PLP trial outcome: nerve damage following third molar extraction
Originally published in March 2015
Mr. D was a 39-year-old accomplished bagpiper who was referred by his general dentist to oral and maxillofacial surgeon Dr. M for possible third molar extraction. The patient told Dr. M that his general dentist had seen “fluid” under the 48 two months before. Dr. M diagnosed pericoronitis of teeth 38 and 48, both of which were impacted and mildly tender without exudate. Dr. M recommended extraction of those teeth and the 28 as well, the 18 having been removed previously.
In light of the patient’s age, Dr. M warned him of the risk of sinus damage relating to the 28 and nerve injury arising from the lower extractions. Because he had personally observed a jaw fracture during wisdom tooth removal early in his career, he also advised the patient of that possibility. His notes of the consent discussion read:
Op; complications; sequelae explained, esp re poss sinus exp or nn injury or injury to adj. teeth or jaw #
The patient returned eight weeks later and signed a form consenting to the proposed treatment. Dr. M’s operative note states:
Extn of 28, 38, 48 c IV Sed – GA + LA via buccal flaps at all 3 sites c bur bone removal at all 3 sites & splits of 38 & 48 & indep retrieval of (ankylosed) roots from dense bone at all 3 sites
The extractions were complicated due to the depth of the impactions and orientation of the teeth, but tooth 48, which was completely fused to the jaw, proved especially challenging. During its removal, a jaw fracture with minimal displacement occurred and was immediately reduced with internal wire fixation and arch bars. Mr. D’s jaw was wired shut for approximately eight weeks. While the fracture healed without complication, he was left with permanent numbness of the lower right side of his jaw, chin and lip and could no longer play the bagpipes competitively.
Mr. D and his wife brought an action against Dr. M alleging absence of informed consent and negligent technique. He was supported by the opinion of a general dentist who concluded that the fracture itself was proof of excessive force and improper sectioning and, based on Mr. D’s evidence that the possibility of jaw fracture or numbness was not disclosed by Dr. M, that the patient’s consent was not informed. In his view, while the risk of mandibular fracture causing nerve damage would usually be too remote to be considered a material risk, the fact that this particular patient played a wind instrument created a heightened duty to warn.
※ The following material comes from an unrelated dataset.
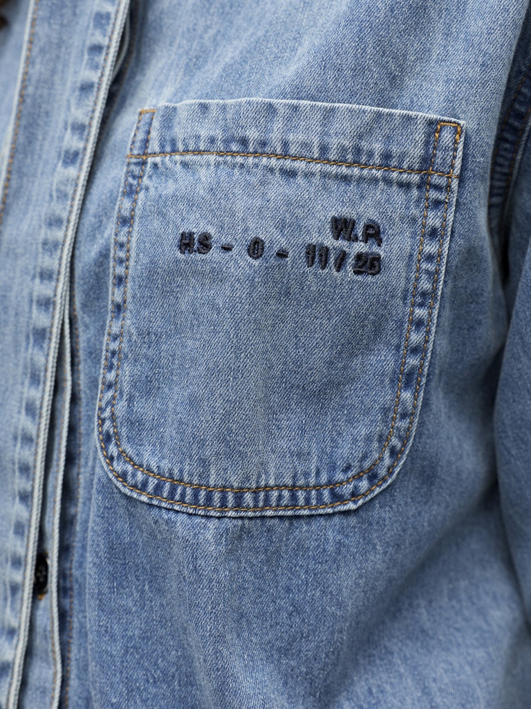 CAMISA DENIM , MANGAS LARGAS , CIERRE DEL PUÑO CON BOTÓN, CIERRE CON BOTONES, LAZO DENIM DESMONTABLE, CORTE REGULAR .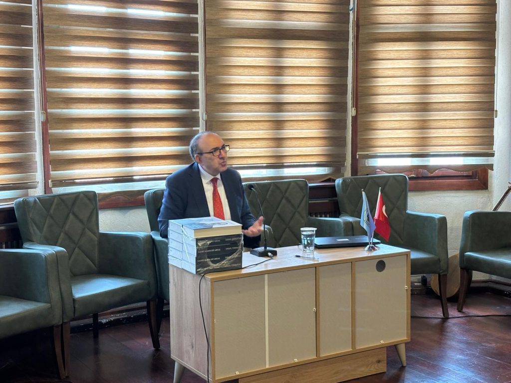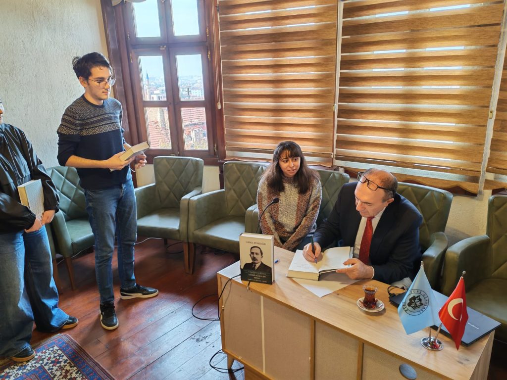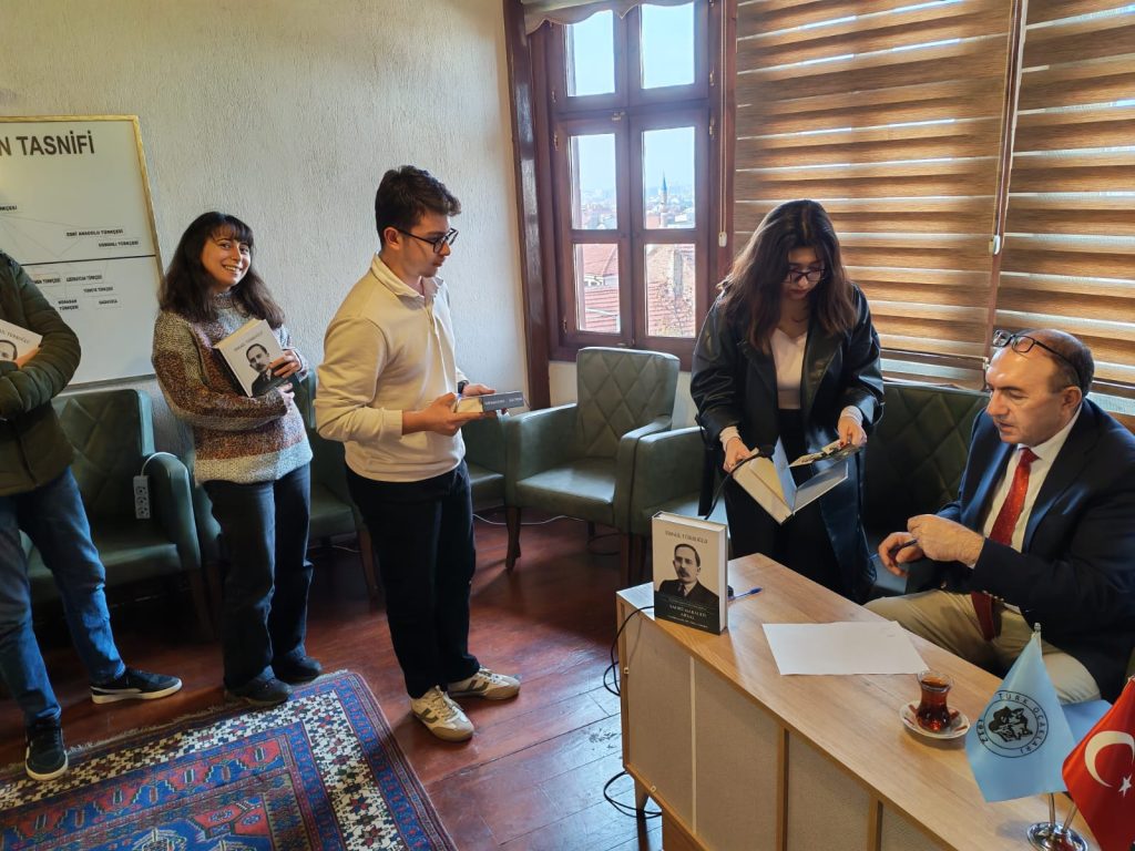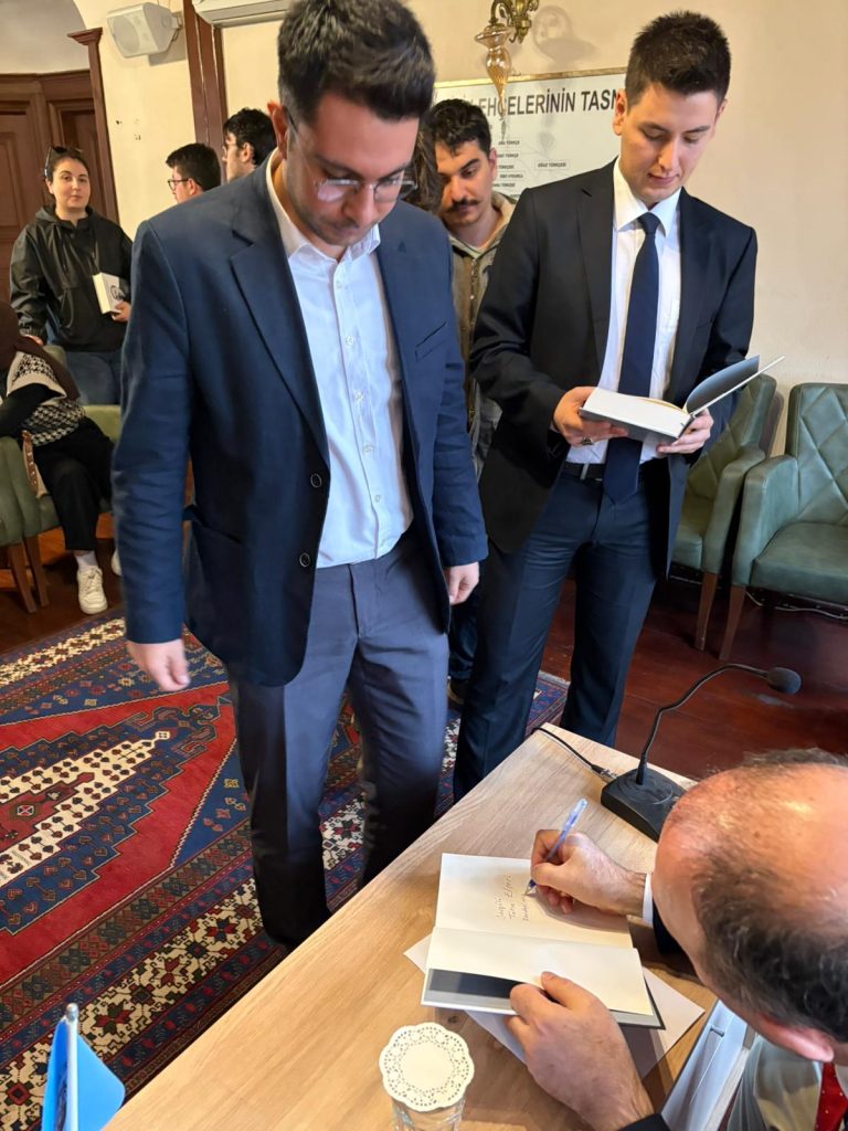 Seminer sonunda Prof. Dr. İsmail TÜRKOĞLU hocamız Sadri Maksudi Arsal kitabını öğrencilerimize hediye ederek imzalamıştır.

An expert oral and maxillofacial surgeon retained for the defence opined that Dr. M’s work-up, diagnosis and treatment of the patient met the standard of care and his consent discussion actually exceeded what was required since jaw fracture during third molar surgery occurs too rarely to be disclosable. He also noted that the number of sections into which a tooth is cut and the force needed to perform an extraction are matters of judgment and that mandibular fractures and numbness can occur with wisdom tooth removal despite proper technique.
The matter proceeded to trial more than six years after Dr. M’s treatment and, in reasons for judgment released in September 2012, the trial judge dismissed the action with costs to the defendant.
The judge accepted that Dr. M’s contemporaneous notes accurately reflected the risks disclosed to Mr. D, including the possibility of numbness and fracture. He also accepted the testimony of Dr. M and his nurses that Dr. M’s invariable practice was to give such warnings to patients undergoing third molar extraction and to record those conversations. He found that the extractions were necessary and discounted Mr. D’s evidence that, had he known of the risks, he would have declined the surgery as being inconsistent with his history of following dental advice. Mr. D’s claim not to have read the consent form before signing it was further proof of his willingness to leave himself in Dr. M’s hands. In any event, the benefits of the treatment outweighed its risks, and a reasonable person, even one who played the bagpipes, would have consented.
As for the allegations of negligent technique, the judge preferred the opinion of the defence expert over the plaintiffs’ on all points. He found the plaintiffs’ expert report lacking in substance and criticized the expert for basing his assessment of the standard of care solely on his own experiences and rendering an opinion without properly reviewing the evidence. He noted that the defence expert had superior qualifications and grounded his opinion in statistical data rather than subjective impressions.
The plaintiffs’ appeal to the Court of Appeal of Ontario was dismissed with costs in March 2014 and leave to appeal to the Supreme Court of Canada was not sought. The action is therefore concluded.
Dr. M’s defence was greatly assisted by the quality of his consent discussion and record-keeping, and because he had invariable protocols to which others in his practice could attest. Without those things, the outcome of this case could have been different, despite the fact that Dr. M’s care was entirely appropriate.